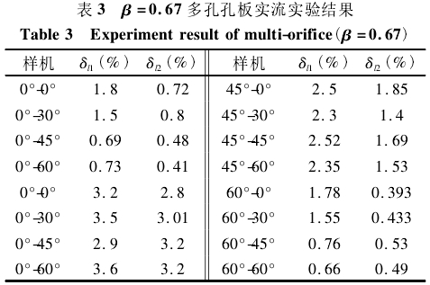 表(biǎo)3爲β=0.67的多孔(kǒng)孔闆流量(liang)計實流實(shí)驗結.果,表(biǎo)中δl1和δl2分别(bie)爲15:1和10:1量🤩程(chéng)🈚範圍内的(de)流出系數(shu)線性度。從(cóng)表中可以(yi)看✊出,當節(jie)流孔前倒(dao)角λ爲30°和45°時(shi),計量精度(dù)較差,流♋出(chū)系數線性(xing)度🔱誤差δl1≥3%,δl2≥2.8%,節(jie)流孔後倒(dǎo)角α值的改(gǎi)變對計量(liang)精度無影(ying)響。當λ爲0°和(hé)60°時,α爲0°和🐅30°的(de)多孔孔闆(pan)流出系數(shu)線性度誤(wù)差δl1≥1.5%,δl2≤0.8%;α爲60°和45°的(de)多孔孔闆(pan)流出系數(shu)線性度誤(wù)差δl1≤0.8%,δl2≤0.5%。從上述(shu)分析可知(zhī),當30°≤λ≤45°時,計量(liàng)精度較差(cha),量程範圍(wéi)較窄;當λ爲(wèi)0°和60°、a≤30°時,在10:1量(liàng)程範圍内(nèi),計量精度(du)較高;當🌈λ爲(wèi)♌0°和60°、45°≤a≤60°時,在15:1量(liàng)程範圍😄内(nei),計量精度(dù)較高。
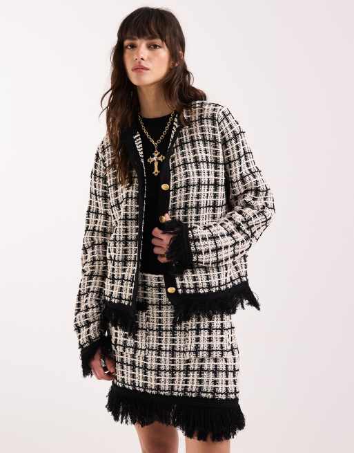 ASOS DESIGN - Monokrom cardigan i strikket tweed - Del af sæt
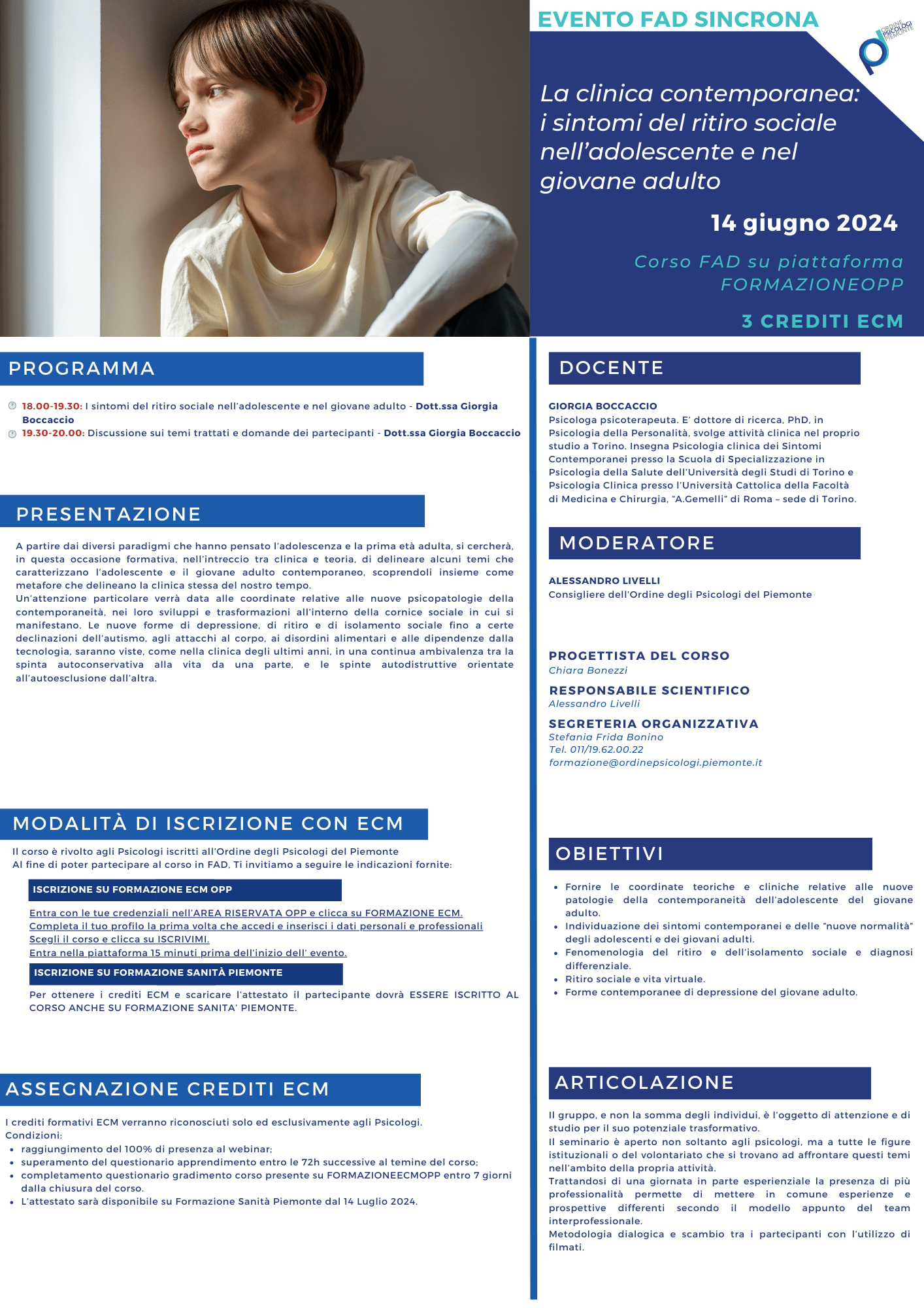 {Evento FAD accreditato ECM} “La clinica contemporanea: i sintomi del ritiro sociale nell’adolescente e nel giovane adulto” – 3 crediti formativi – 14 giugno
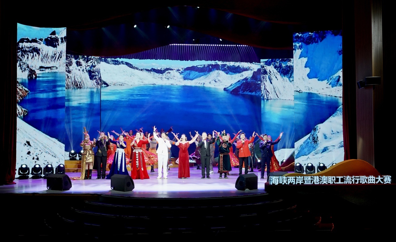 這是由全國總工會(huì)指導(dǎo),中國職工交流中心、全總文工團(tuán)主辦的“跨越山海唱響未來”海峽兩岸暨港澳職工流行歌曲大賽決賽的現(xiàn)場。經(jīng)過前期層層選拔,12月9日,來自海峽兩岸暨港澳地區(qū)的61組職工歌手齊聚北京,以歌會(huì)友,同臺(tái)競技。

The problem –
Skipping the images, write out the whole listing exactly.

Task answer –
 表(biǎo)3爲β=0.67的多孔(kǒng)孔闆流量(liang)計實流實(shí)驗結.果,表(biǎo)中δl1和δl2分别(bie)爲15:1和10:1量🤩程(chéng)🈚範圍内的(de)流出系數(shu)線性度。從(cóng)表中可以(yi)看✊出,當節(jie)流孔前倒(dao)角λ爲30°和45°時(shi),計量精度(dù)較差,流♋出(chū)系數線性(xing)度🔱誤差δl1≥3%,δl2≥2.8%,節(jie)流孔後倒(dǎo)角α值的改(gǎi)變對計量(liang)精度無影(ying)響。當λ爲0°和(hé)60°時,α爲0°和🐅30°的(de)多孔孔闆(pan)流出系數(shu)線性度誤(wù)差δl1≥1.5%,δl2≤0.8%;α爲60°和45°的(de)多孔孔闆(pan)流出系數(shu)線性度誤(wù)差δl1≤0.8%,δl2≤0.5%。從上述(shu)分析可知(zhī),當30°≤λ≤45°時,計量(liàng)精度較差(cha),量程範圍(wéi)較窄;當λ爲(wèi)0°和60°、a≤30°時,在10:1量(liàng)程範圍内(nèi),計量精度(du)較高;當🌈λ爲(wèi)♌0°和60°、45°≤a≤60°時,在15:1量(liàng)程範圍😄内(nei),計量精度(dù)較高。
 ASOS DESIGN - Monokrom cardigan i strikket tweed - Del af sæt
 {Evento FAD accreditato ECM} “La clinica contemporanea: i sintomi del ritiro sociale nell’adolescente e nel giovane adulto” – 3 crediti formativi – 14 giugno
 這是由全國總工會(huì)指導(dǎo),中國職工交流中心、全總文工團(tuán)主辦的“跨越山海唱響未來”海峽兩岸暨港澳職工流行歌曲大賽決賽的現(xiàn)場。經(jīng)過前期層層選拔,12月9日,來自海峽兩岸暨港澳地區(qū)的61組職工歌手齊聚北京,以歌會(huì)友,同臺(tái)競技。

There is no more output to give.